In a study by Oinonen et al., the median EFS was set at 39 months³¹, while in our group the median has not been achieved yet with a median observation period of 31.5 months. Delarue et al. revealed the same, comparing the BEAM treatment to TBI – the median EFS of patients receiving BEAM was 55 months, whereas the median EFS for the TBI regimen group has not been reached (p = 0.05).¹⁵ This again proves that TBI conditioning regimen is safe and appropriate for ASCT in MCL.

The ASCT performed in line of first line treatment to consolidate the first remission was documented to have a significantly better EFS and OS compared to delayed ASCT.¹¹,³² In our study, the impact of early or late transplantation on OS and EFS was not statistically significant (OS: p = 0.141, HR 0.284, 95% CI HR 0.015–1.82; EFS: p = 0.393, HR 0.497, 95% CI HR 0.057–3.080).
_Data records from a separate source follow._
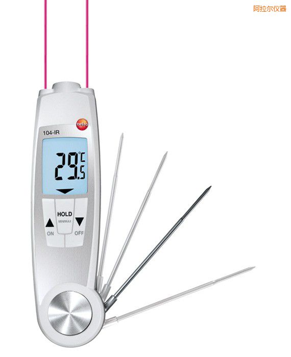 紅外及接觸式測溫二合一testo 104-IR配備精確的2點(diǎn)瞄準(zhǔn)激光,光學(xué)分辨率10:1,測量范圍清晰可見,,可隨時(shí)進(jìn)行快速并精確的表面溫度測量。二合一溫度測量儀特別適用于食品進(jìn)貨檢測以及快速檢測單個(gè)或整箱食品的表面溫度。 刺入式溫度探頭適用于測量如肉類和香腸等食品的核心中心溫度。通常,在紅外表面溫度測量不足以判定食品安全的情況下使用。刺入式探頭在不使用時(shí)可通過折疊方式收入儀器中,以防折斷損壞。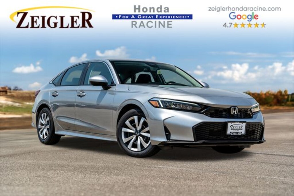 32/41 City/Highway MPG Silver 2026 Honda Civic LX FWD CVT At Zeigler Honda of Racine, we take pride in treating our customers like family, ensuring that your experience is one that you will never forget.Take advantage of our VIP test drive and experience by calling us at (262) 822-3231. We are proud to service customers in Racine, Mt. Pleasant, Milwaukee, Kenosha, and surrounding areas! See dealer for complete details, price may exclude certification, added accessories and/or packages, certain taxes, $399 doc fee, charges and/or fees. Dealer is not responsible for pricing errors. Book values should be considered estimates only. Some of our used vehicles may be subject to unrepaired safety recalls.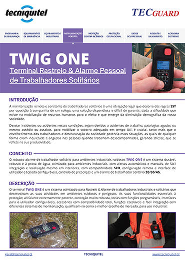 O Terminal Rastreio e Alarme Pessoal de Trabalhadores Solitários Twig One é um sistema desenvolvido para atividades em ambientes ruidosos e perigosos.

That could be due to our relatively small study group and a small proportion of transplantations to consolidate the second or further remissions. Most of our patients were namely transplanted after first line treatment.
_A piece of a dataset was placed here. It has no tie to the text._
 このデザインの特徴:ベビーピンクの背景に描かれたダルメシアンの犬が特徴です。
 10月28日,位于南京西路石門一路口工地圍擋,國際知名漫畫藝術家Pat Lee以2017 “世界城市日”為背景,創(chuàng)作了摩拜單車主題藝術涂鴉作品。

The TBI regimen has been linked to secondary malignancies, mostly hematological – myelodysplastic syndromes (MDS) and acute myeloid leukemias (AML).^17,26,33-35 The numbers vary among different studies – they range from a 5-year estimated risk of 3.8%¹⁷ to a 7-year cumulative probability of 8.9%³⁴ and a 6-year incidence of 12%.³³ The therapy-related-MDS/therapy-related-AML (t-MDS/t-AML) also depended on amount of radiation used for TBI. In Metayer et al. multicenter case-control study, there was a nonsignificant excess risk of tMDS/ tAML with use of conditioning regimens with TBI, compared with no TBI (relative risk [RR]  =  2.0; 95% CI 0.95–4.18; p  =  0.07). The dose-response analysis, however, revealed that the excess risk was limited to patients receiving TBI doses of 13.2 Gy (RR  =  6.6; p  = 0 .003). Those with lower TBI doses (5–12 Gy) had no evidence of elevated risk of tMDS/tAML.³⁴ Hypotheses on cellular level are that HDT and TBI cause similar cellular and genetic damages as the pre-transplant therapy to the hematopoietic progenitor cells and therefore provide opportunity for causing damage to the stem cells. Reinfusion of peripheral blood progenitor cells with previously damaged DNA can result in clonal abnormal hematopoiesis.³⁵ In this study, we had no hematological malignancies in either of our groups. Even though the number of our patients is relatively small we may assume that TBI with high doses of cyclophosphamide is a safe method of conditioning prior to transplantation in regard of the secondary hematological malignancies.